Avery was with the nonprofit cultural arts organization for so long that many people think she founded it. But, in fact, the Women’s Club of Trinity Episcopal Church started the group in 1945 to provide activities for immigrant Polish and Swedish families.
In 1969, led by visual artist educator Percy Ricks, CCAC became a community-based arts center emphasizing African American cultural heritage. The organization purchased and renovated a Market Street building in 1993, and today, thousands benefit from CCAC’s services each year.
In 2001, Avery helped start the Kuumba Academy Charter School, which serves children from kindergarten through eighth grade. The school, created through a partnership with CCAC, unites the arts, academics, technology and families. The academy has received national acclaim, including a congratulatory 20th-anniversary message from Raymond Lewis, a former NFL player with the Baltimore Ravens.
Programs at CCAC, Kuumba Academy and other organizations have helped boost the arts in Wilmington, Avery says. “We have some great arts organizations — when people come here from other places; they say it’s remarkable.”
Artists are storytellers, she says. They build social cohesion and are economic drivers in a community. She’s encouraged by the support for local artists from larger entities, such as the Delaware Art Museum, The Delaware Contemporary and City Theater Company. In addition, Avery encourages more support for The Creative Vision Factory, a drop-in center for residents with behavioral health needs.
In 2021, the Delaware Art Museum commissioned Dara Stevens Meredith to choreograph “a bold new work,” “The Bridge of our Roots,” which explores the lived conditions of African American women, Avery says.
The film presentation was recorded in front of “Southern Souvenir No. II,” a powerful painting by Eldzier Cortor.
“Supporters encouraged a live presentation of the moving dance suite,” says Avery, who handled audience development and fundraising for the project. The dancers performed in front of sold-out crowds at the Delaware Theatre Company and the Suzanne Roberts Theatre in Philadelphia.

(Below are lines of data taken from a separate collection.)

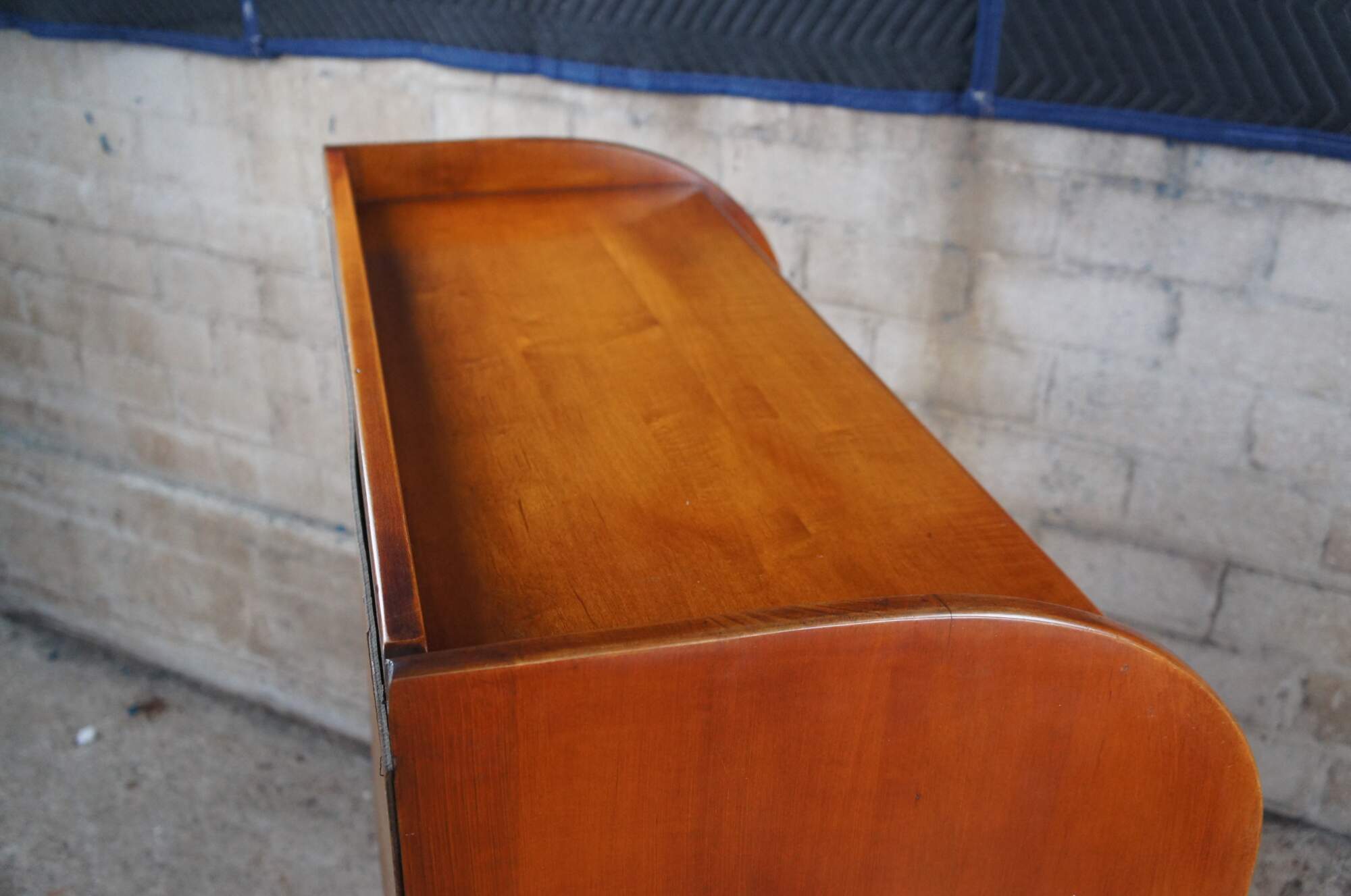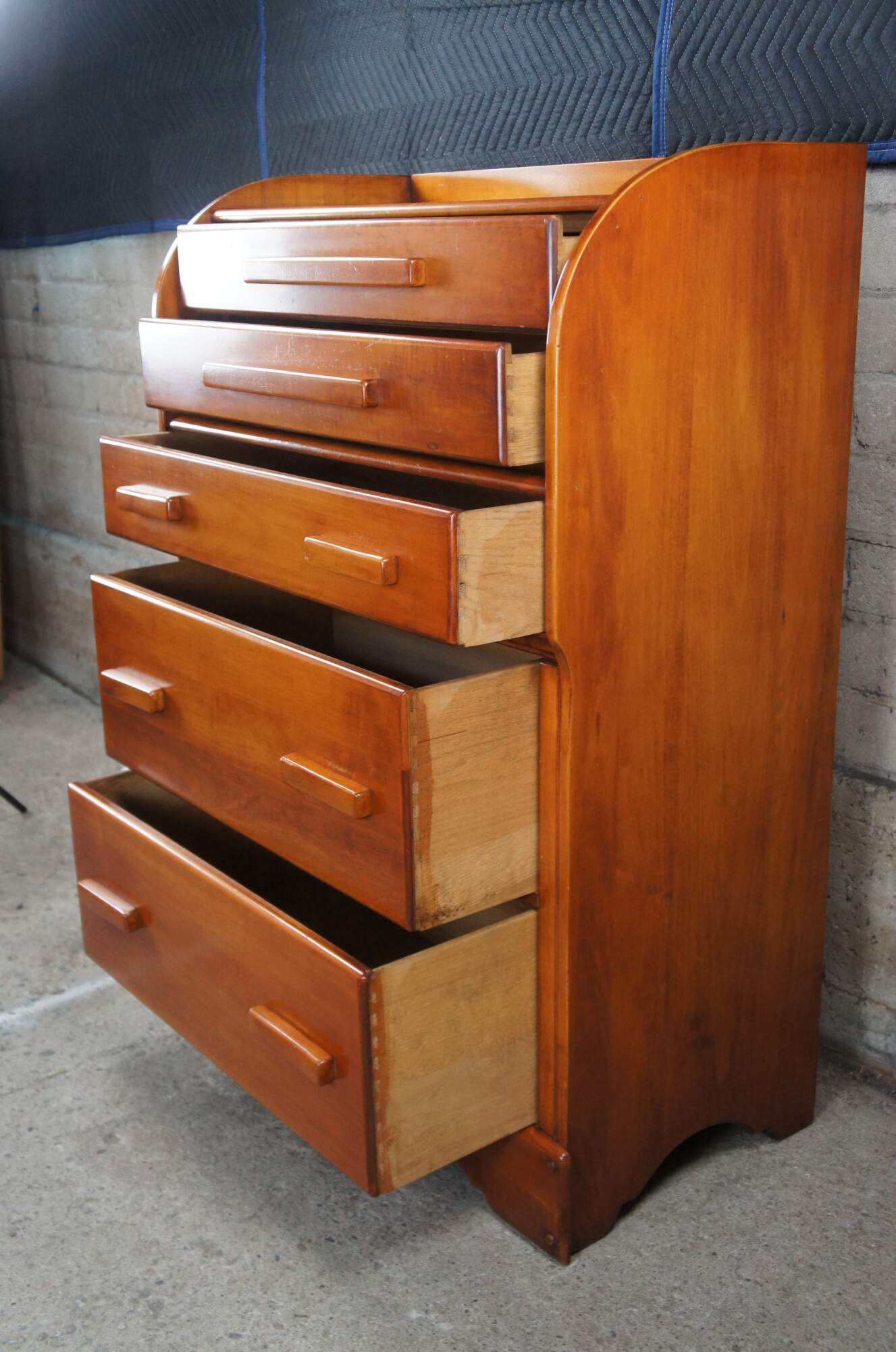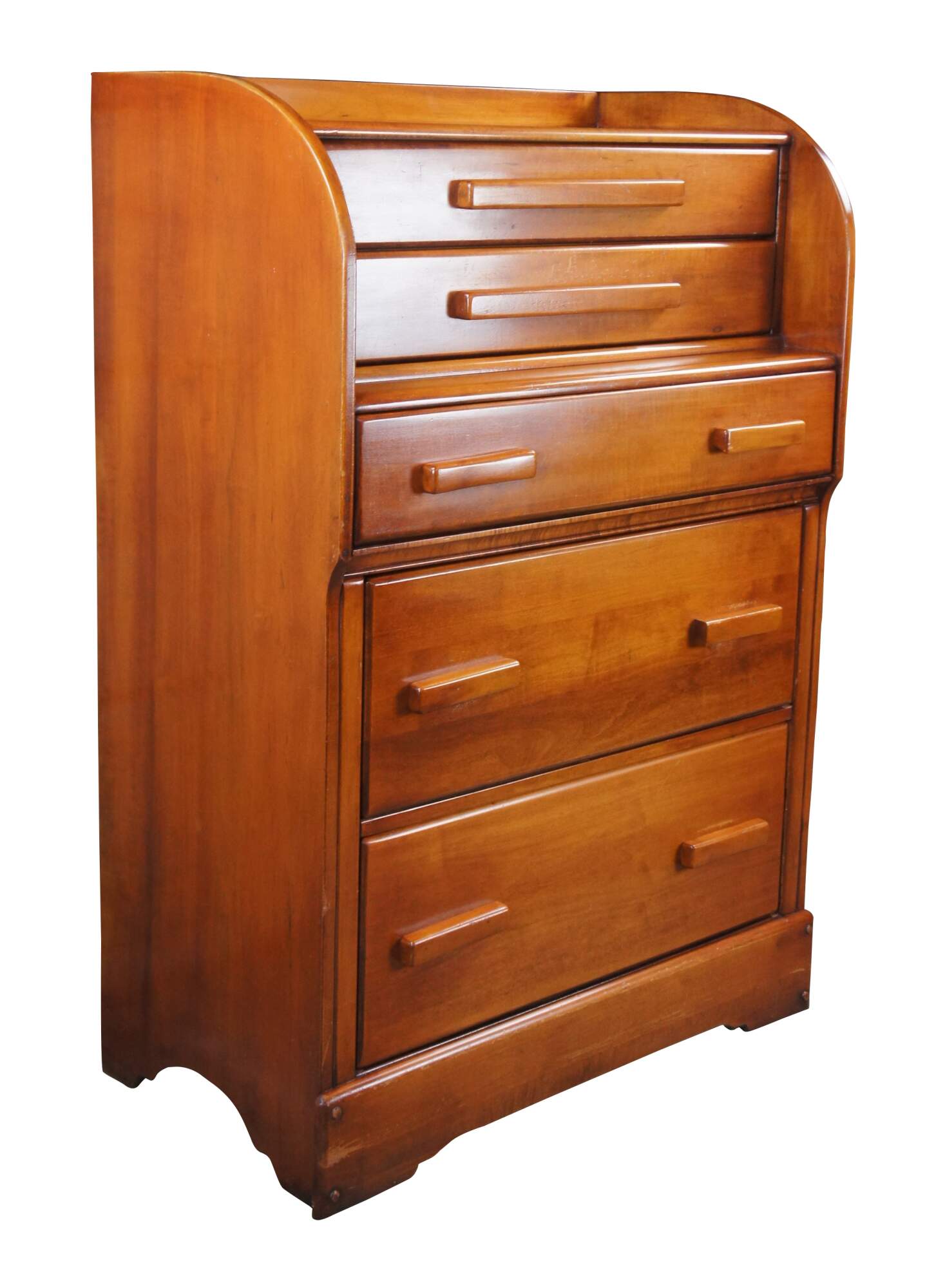 Mid Century Modern Tallboy dresser. Reminiscent of a secretary. Made from Maple with five dovetailed drawers and wooden handles. Attributed to Heywood Wakefield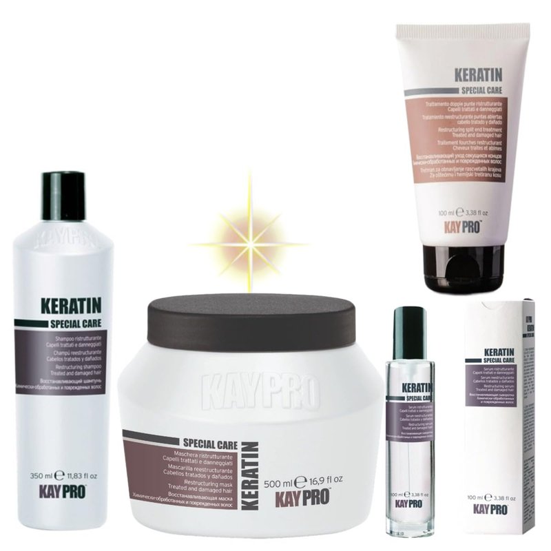 PROTEIN-BASED RESTRUCTURING ACTION TO RESTORE, MOISTURISE AND DEEPLY NOURISH THE HAIR .KayPro Restructuring SHAMPOO with KERATIN – 350 ml Restorative shampoo with keratin for treated and damaged hair. Effectively cleanses the hair, performing an in-depth restructuring, moisturising and nourishing action. Disciplines the hair, eliminates frizz and adds incredible sheen. .KayPro Restructuring MASK with KERATIN – 500 ml Restructuring mask with keratin for treated and damaged hair. Effectively detangles, eliminates frizz, provides instant softness, deep restructure. Returns brilliance and brightness, gives strength and tone. .KayPro Restructuring SERUM with KERATIN – 100 m KayPro restructuring serum with keratin for treated and damaged hair. Special smoothing action disciplines the hair, leaving it instantly glossy, soft and silky, without weightening it down. Envelopes the hair shaft in a film that protects from frizz and humidity, recompacting the cuticle and sealing split ends. Kaypro Keratin Special Care 100 m - Restructuring split ends treatment with keratin for treated and damaged hair - Repairs and prevents split ends without weighing down the hair - Makes hair more full-bodied, soft and bright .Restructuring split ends treatment with keratin for treated and damaged hair. Repairs and prevents split ends without weighing down the hair, adding extra body, softness and shine.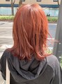 オレンジヘアー。レイヤーが入ったミディアムウルフでカジュアルに仕上げています。アッシュに飽きた方、おすすめです!髪質&ベースによってはブリーチ無しでも表現可能です。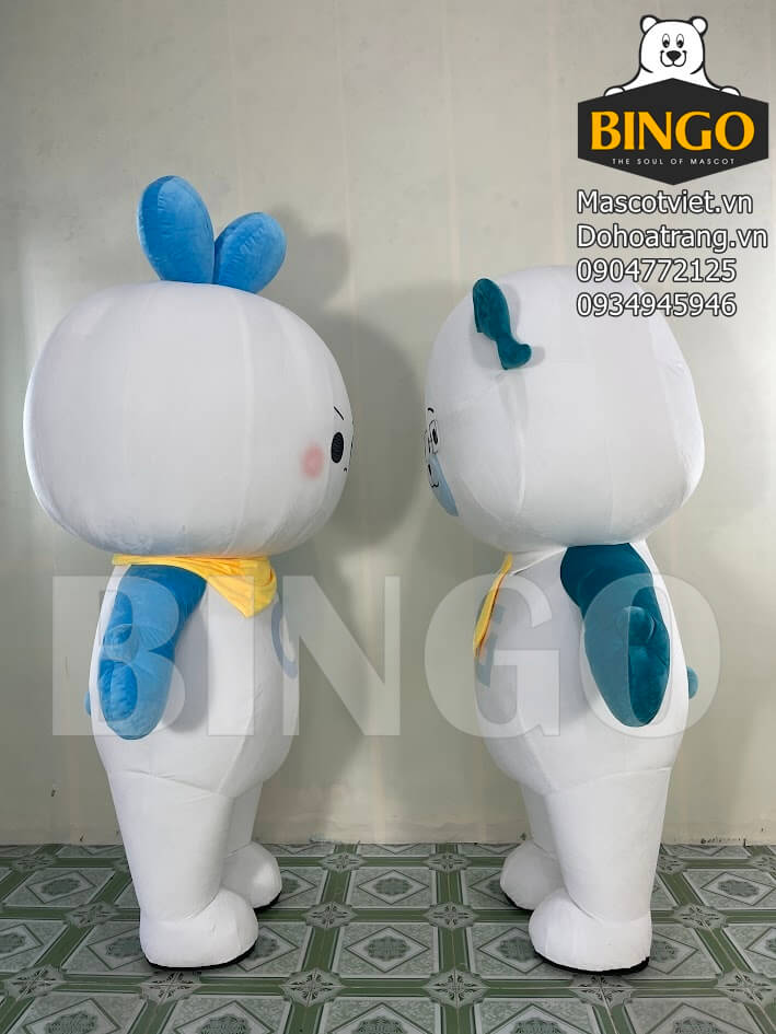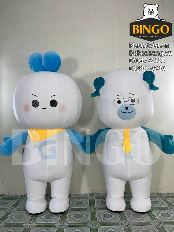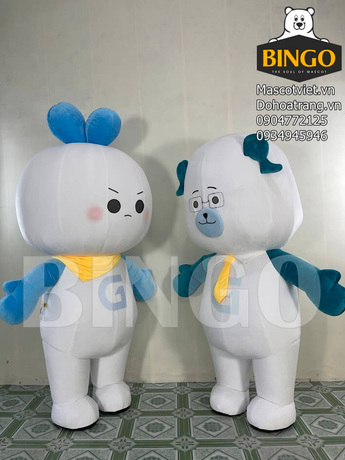 Mascot hơi Give & Kiki là cặp đôi linh vật mang phong cách hiện đại, tươi sáng và cực kỳ đáng yêu. Hai nhân vật được thiết kế đồng bộ với tông trắng chủ đạo kết hợp xanh pastel và phụ kiện vàng nổi bật, tạo nên hình ảnh trẻ trung, thân thiện và dễ nhận diện.

Next, Avery hopes to raise funds so Meredith and multigenerational dancers can tour Historically Black Colleges and Universities (HBCUs). But first, Avery says, she will join Meredith for her 40th birthday in Egypt this summer, a gift from Kuumba Academy founders.
From Avery’s Quaker Hill neighborhood, she can walk to many arts venues, including the Delaware Contemporary and the Delaware Theatre Company on the Wilmington Riverfront.
She currently volunteers on year-round programming related to one of the city’s most popular events, the Clifford Brown Jazz Festival. The annual concert series honors the virtuoso Wilmington-born jazz trumpeter who died at age 25 in a car accident. The recent year-round concerts have been in-person and virtual.
Avery has also been on the road. At the suggestion of friend and collaborator E. Shawn Qaissaunee, a Wilmington jazz artist, she applied for and received the Robert Johnson Endowment Fellowship at the Virginia Center for the Creative Arts in Amherst, VA. Her project combines creative fictional writing with a companion CD.
The artist has already recorded two CDs, primarily in the jazz genre, which include rearranged standards and originals that merge the spoken word with music. Expect more. Avery is taking piano lessons at CCAC with Stacey Harcum to help her compose.
No doubt, Raye Jones Avery will achieve her goals — with a little bit of help from her creative friends and community. The best thing about Delaware, she says, is the “deep camaraderie and kinship.”